Exercise:
Could you retype the lines below, starting at the line holding "اختاري هذا الفستان" and stopping at the line holding "Diese Basic-Jungenhosen aus", inclusive? Copy them exactly and drop the images.
(Exercise data)
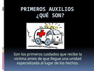 Los primeros auxilios son los cuidados iniciales que recibe una víctima antes de la llegada de personal especializado, con el objetivo de evitar agravamientos en su estado. Se diferencian entre urgencias, donde no hay riesgo inmediato de muerte, y emergencias, que requieren atención inmediata. El manejo de la escena y la correcta actuación para detener hemorragias y movilizar lesionados son fundamentales en estos primeros auxilios.
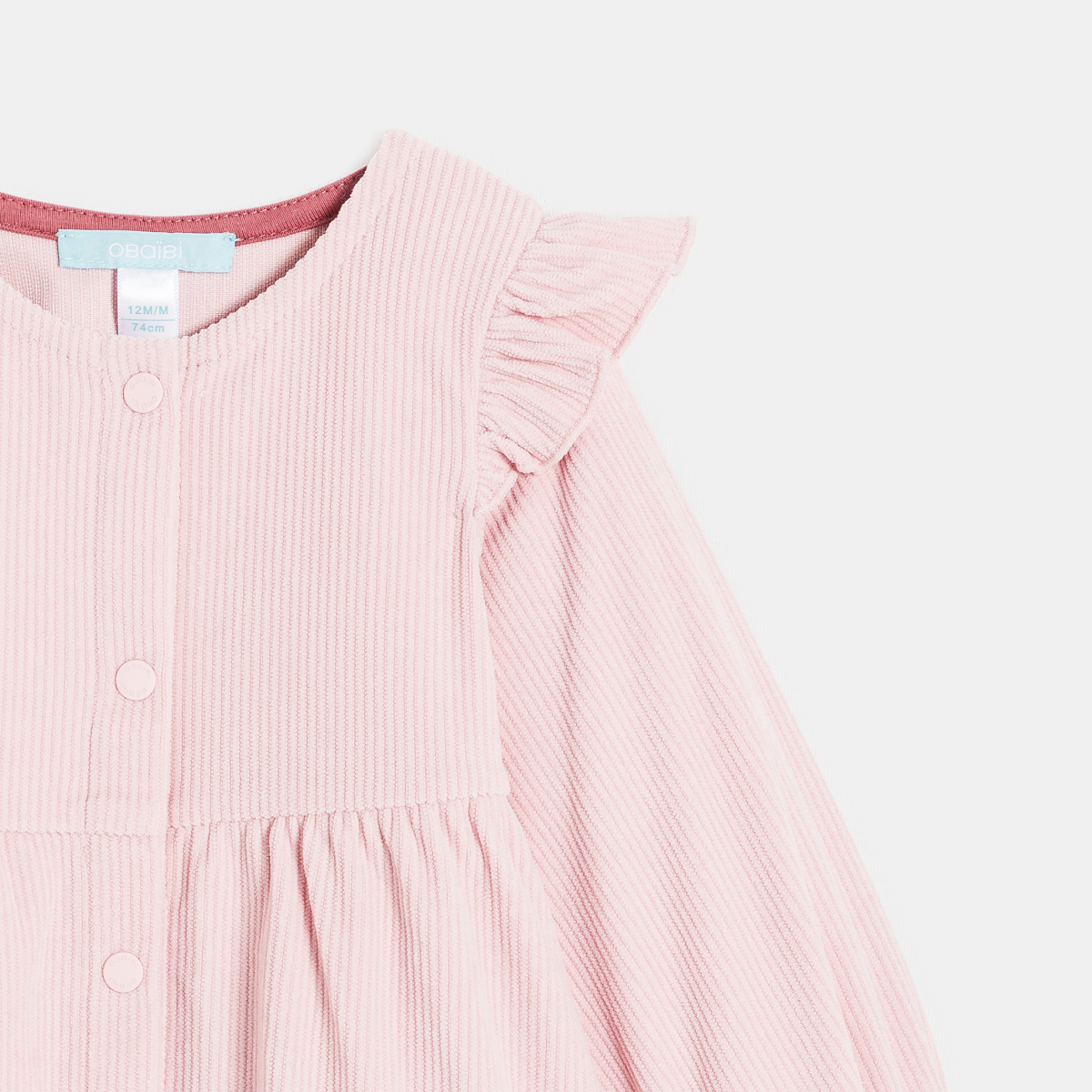 اختاري هذا الفستان الوردي ذو الأكمام الطويلة المثالي لأي مناسبة. بفضل قماش المخمل المضلع الناعم وقصّته الواسعة، يمنح راحة مثالية وأناقة في كل حركة. يتميز بكشكشة على الكتفين وأزرار كبس أمامية لسهولة الارتداء. مثالي للاستخدام اليومي، حيث يجمع بين الأناقة والطراز العملي.
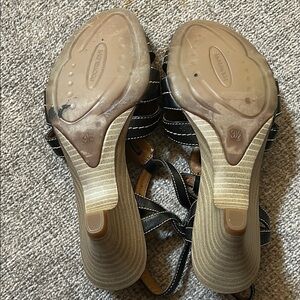 These were purchased in England. They are comfy and cute with a low 2 inch heel. There is cream colored sticking on all straps. They are in good condition overall. Note the photos of the bed on the left sandal and slight scuffing on toe of same sandal. Very little wear. Fit like a US 6.
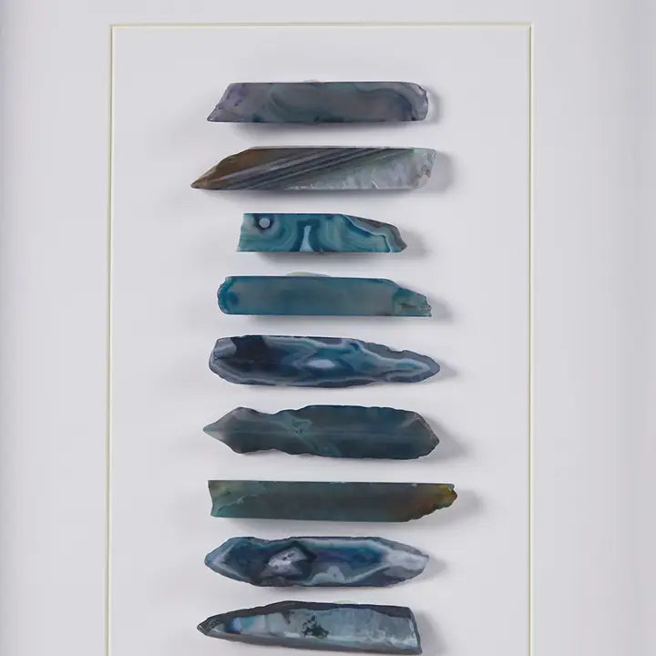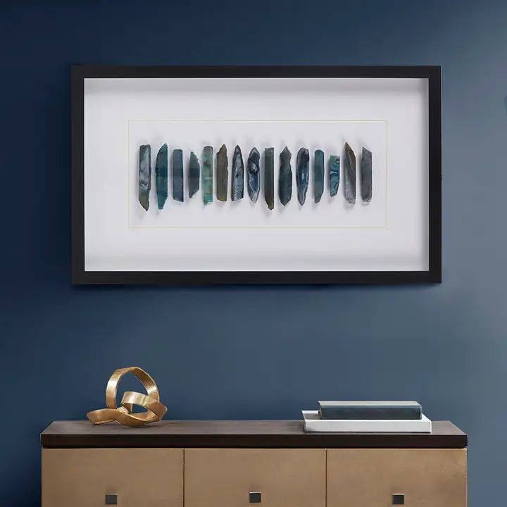 Genuine Agate Stones Wall Art Shadow Box Decor, Blue
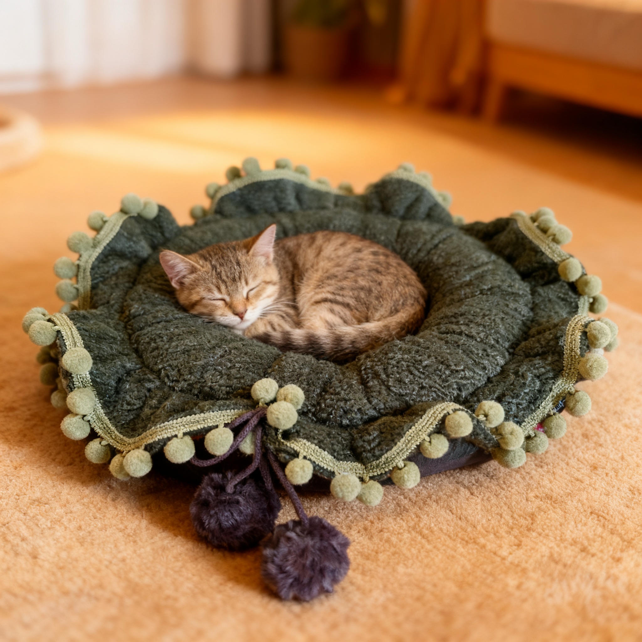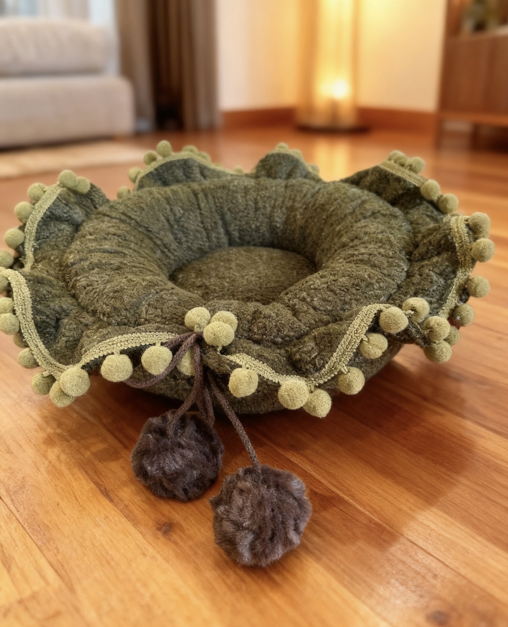 Okrągłe legowisko z materiału o splocie barankowym w kolorze khaki, z dużą falbaną tworzącą falę, obszyte taśmą z małych pomponów w tej samej kolorystyce.
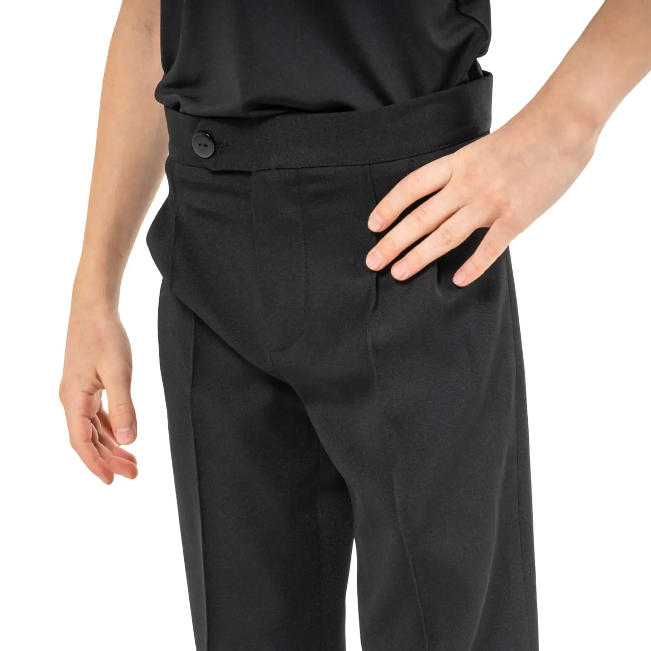 Diese Basic-Jungenhosen aus fließendem Material gehören zu den Essentials der Tanzbekleidung für Jungen. Der feste, glatte Taillenbund mit Knopfverschluss und jeweils einer eleganten Falte an der Vorderseite verleiht der Hose ein stilvolles Aussehen. Die Hosenbeine sind länger und können auf die gewünschte Länge umgeschlagen werden. Dank ihres schlichten Designs eignet sich die Hose auch für Wettbewerbe in jüngeren Alterskategorien und Tanzklassen.
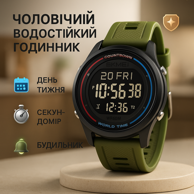 Эти часы предназначены для пользователей, которые требуют больше, чем просто показ времени. SKMEI 2348AG оснащен двойным временем, секундомером, таймером, будильником, мировым временем, календарем и подсветкой. Благодаря водозащите до 50 м модель не боится дождя, влаги или тренировок на свежем воздухе. Идеальное решение для спорта, путешествий и повседневной носки.
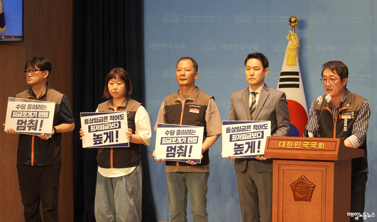 김한규 의원이 이날 오전 국회 소통관에서 연 기자회견에서 김씨는 “낮은 출산율을 극복하겠다며 출산 지원금을 신설하면서, 정작 일하는 엄마들이 최저임금보다 낮은 통상임금 때문에 터무니없는 육아휴직급여를 받는 현실은 외면한다”고 지적했다. 이어 “법으로 최저임금을 정한 이유가 있다”며 “법의 허점을 이용해 통상임금을 최저임금보다 낮게 책정했다면 법으로 보완해야 한다”고 강조했다.
(End Exercise data)
Solved problem:
 اختاري هذا الفستان الوردي ذو الأكمام الطويلة المثالي لأي مناسبة. بفضل قماش المخمل المضلع الناعم وقصّته الواسعة، يمنح راحة مثالية وأناقة في كل حركة. يتميز بكشكشة على الكتفين وأزرار كبس أمامية لسهولة الارتداء. مثالي للاستخدام اليومي، حيث يجمع بين الأناقة والطراز العملي.
 These were purchased in England. They are comfy and cute with a low 2 inch heel. There is cream colored sticking on all straps. They are in good condition overall. Note the photos of the bed on the left sandal and slight scuffing on toe of same sandal. Very little wear. Fit like a US 6.
 Genuine Agate Stones Wall Art Shadow Box Decor, Blue
 Okrągłe legowisko z materiału o splocie barankowym w kolorze khaki, z dużą falbaną tworzącą falę, obszyte taśmą z małych pomponów w tej samej kolorystyce.
 Diese Basic-Jungenhosen aus fließendem Material gehören zu den Essentials der Tanzbekleidung für Jungen. Der feste, glatte Taillenbund mit Knopfverschluss und jeweils einer eleganten Falte an der Vorderseite verleiht der Hose ein stilvolles Aussehen. Die Hosenbeine sind länger und können auf die gewünschte Länge umgeschlagen werden. Dank ihres schlichten Designs eignet sich die Hose auch für Wettbewerbe in jüngeren Alterskategorien und Tanzklassen.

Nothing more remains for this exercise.